Timbullah gerakan-gerakan yang menginginkan kemerdekaan politik, gerakan-gerakan yang kemudian menimbulkan lembaga-lembaga kemasyarakatan yang gres dikenal yaitu partai-partai politik.

3) Pertentangan (Konflik)

Konflik berasal dari kata kerja Latin configere yang berarti saling memukul. Secara sosiologis, konflik diartikan sebagai suatu proses sosial antara dua orang atau lebih (bisa juga kelompok) di mana salah satu pihak berusaha menyingkirkan pihak lain dengan menghancurkannya atau membuatnya tidak berdaya .

Konflik dilatarbelakangi oleh perbedaan ciri-ciri yang dibawa individu dalam suatu interaksi. Perbedaan-perbedaan tersebut di antaranya yaitu menyangkut ciri fisik, kepandaian, pengetahuan, moral istiadat, keyakinan, dan lain sebagainya.

Dengan dibawa sertanya ciri-ciri individual dalam interaksi sosial, konflik merupakan situasi yang masuk akal dalam setiap masyarakat dan tidak satu masyarakat pun yang tidak pernah mengalami konflik antaranggotanya atau dengan kelompok masyarakat lainnya, konflik hanya akan hilang bersamaan dengan hilangnya masyarakat itu sendiri.

Konflik bertentangan dengan integrasi. Konflik dan integrasi berjalan sebagai sebuah siklus di masyarakat. Konflik yang terkontrol akan menghasilkan integrasi. Sebaliknya, integrasi yang tidak tepat sanggup membuat konflik.

Adanya kontradiksi dalam masyarakat sanggup menimbulkan terjadinya perubahan sosial dan kebudayaan. Pertentangan sanggup terjadi antara orang perorangan, orang perorangan dengan kelompok, atau kelompok dengan kelompok.

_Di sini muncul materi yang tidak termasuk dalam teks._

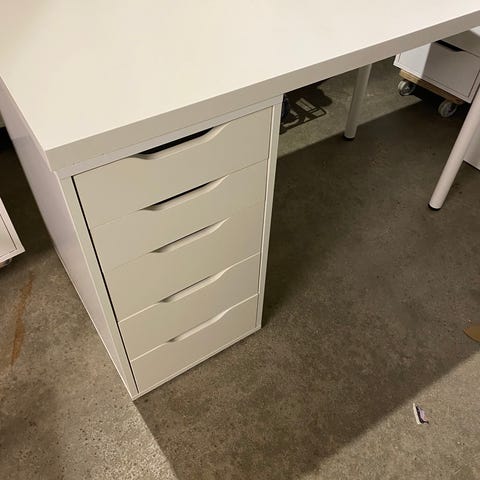 Brukt, noen slitasjemerker. Må hentes. Består av 2 stk skuffeseksjoner, en skapseksjon og en skrivebordsplate( kuttet av til ca, 130 cm.)

Pertentangan antarkelompok mungkin terjadi antara generasi bau tanah dengan generasi muda. Pertentangan-pertentangan demikian itu kerapkali terjadi, apalagi pada masyarakatmasyarakat yang sedang berkembang dari tahap tradisional ke tahap modern.

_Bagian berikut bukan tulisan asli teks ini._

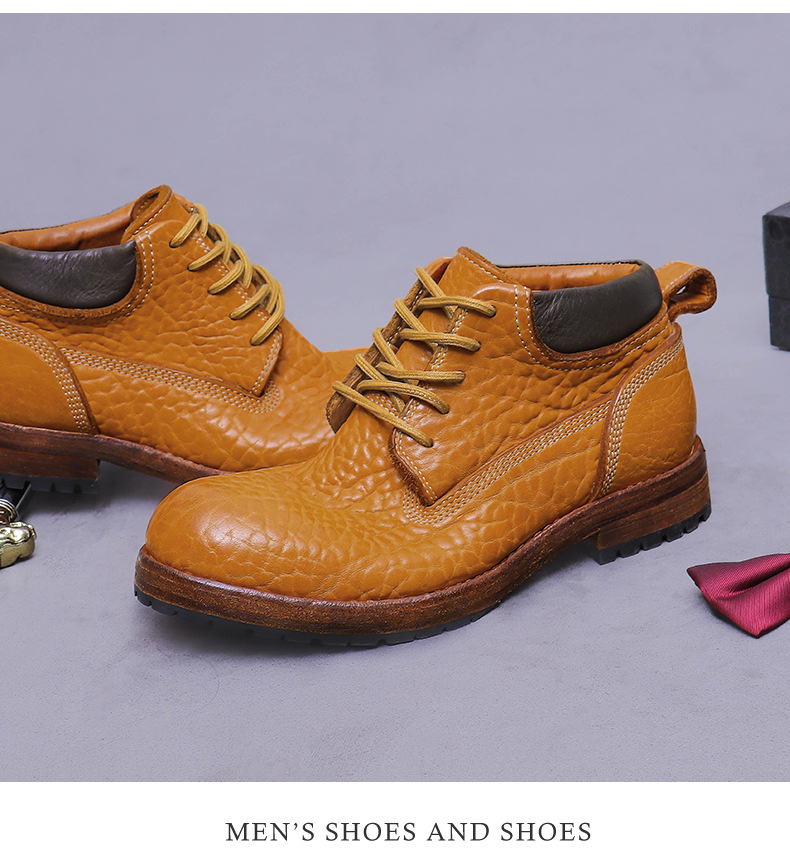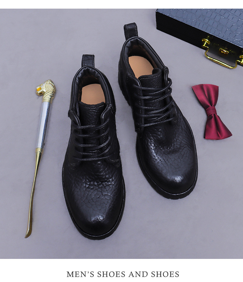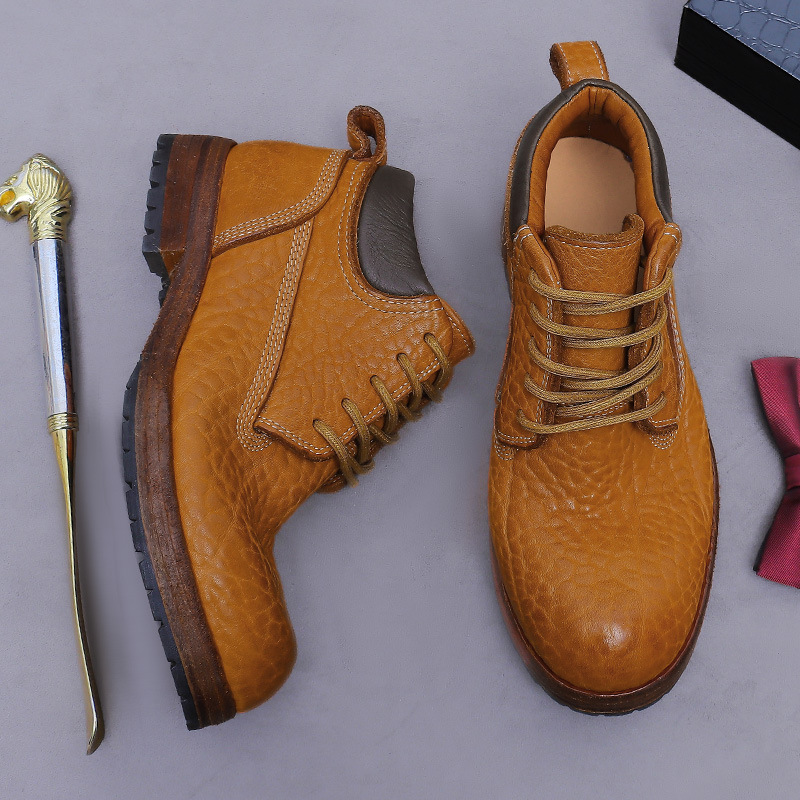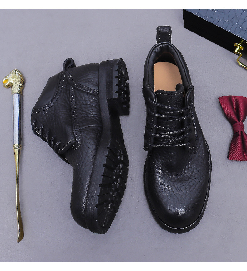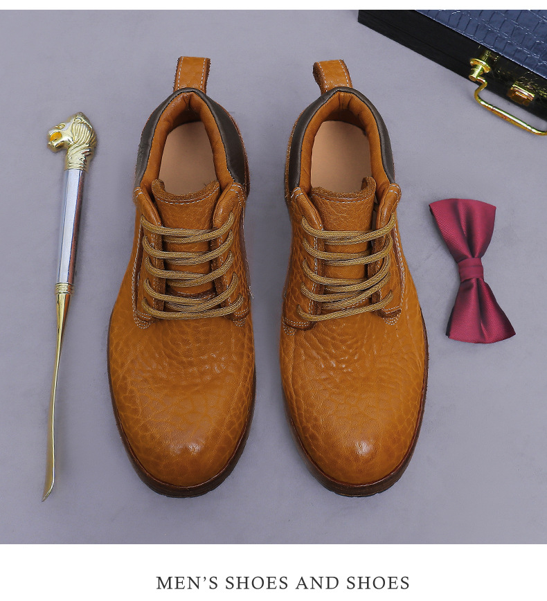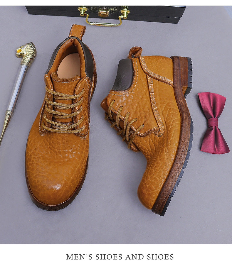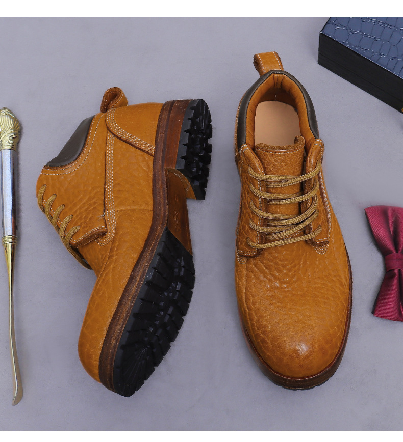 Đôi bốt cổ cao này được làm từ chất liệu da thật vân quả vải, mang đến vẻ ngoại hình mạnh mẽ và cá tính. Kiểu dáng bốt công sở cổ điển kết hợp với phần đế được may thủ công chắc chắn. Sản phẩm phù hợp để đi làm hoặc dạo phố, dễ dàng phối cùng quần jean hay quần vải. Bạn chỉ cần xỏ vào và cột dây kỹ là có thể sử dụng ngay. | Tên sản phẩm: Boot Cổ Thấp Nam Chất Liệu Da Bò - Giày Dép Nam | Mã sản phẩm: B7486 - Giá: 4.950.000đ | Mã nhà sản xuất: ASTYCH-G06Hình ảnh sản phẩm

Generasi muda yang belum terbentuk kepribadiannya, lebih gampang untuk mendapatkan unsur-unsur kebudayaan ajaib (misalnya kebudayaan Barat) yang dalam beberapa hal memiliki taraf yang lebih tinggi.

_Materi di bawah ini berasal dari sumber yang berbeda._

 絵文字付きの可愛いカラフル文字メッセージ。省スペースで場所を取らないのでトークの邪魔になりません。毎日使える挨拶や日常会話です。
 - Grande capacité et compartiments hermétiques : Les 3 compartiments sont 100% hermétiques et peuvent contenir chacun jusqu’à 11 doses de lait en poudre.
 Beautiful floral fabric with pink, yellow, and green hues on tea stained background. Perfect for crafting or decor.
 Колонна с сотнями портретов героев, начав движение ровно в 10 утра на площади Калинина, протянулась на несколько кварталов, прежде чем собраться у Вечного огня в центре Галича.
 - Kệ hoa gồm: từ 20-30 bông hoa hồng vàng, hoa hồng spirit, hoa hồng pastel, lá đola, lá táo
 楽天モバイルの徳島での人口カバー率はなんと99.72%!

Keadaan tersebut sanggup menimbulkan perubahan-perubahan tertentu dalam masyarakat contohnya pergaulan yang lebih bebas antara perempuan dengan laki-laki.

4) Terjadinya Pemberontakan atau Revolusi di Dalam Tubuh Masyarakat itu Sendiri

Perubahan sanggup terjadi lantaran adanya pemberontakan oleh kekuatan-kekuatan dalam masyarakat terhadap kondisi yang telah mapan.

Sebagai pola yaitu adanya Revolusi Prancis yang merupakan pemberontakan masyarakat kelas bawah yang tertindas terhadap kekuasaan kerajaan yang bertindak sewenang-wenang.

Contoh lain yaitu revolusi yang terjadi pada bulan Oktober 1917 di Rusia yang menimbulkan terjadinya perubahan-perubahan besar.

Negara tersebut yang mula-mula memiliki bentuk kerajaan yang absolut, bermetamorfosis diktator proletariat yang didasarkan pada kepercayaan Marxisme.

Segenap lembaga-lembaga kemasyarakatan, mulai dari bentuk negara hingga keluarga batih mengalami perubahan-perubahan yang besar hingga ke akar-akarnya.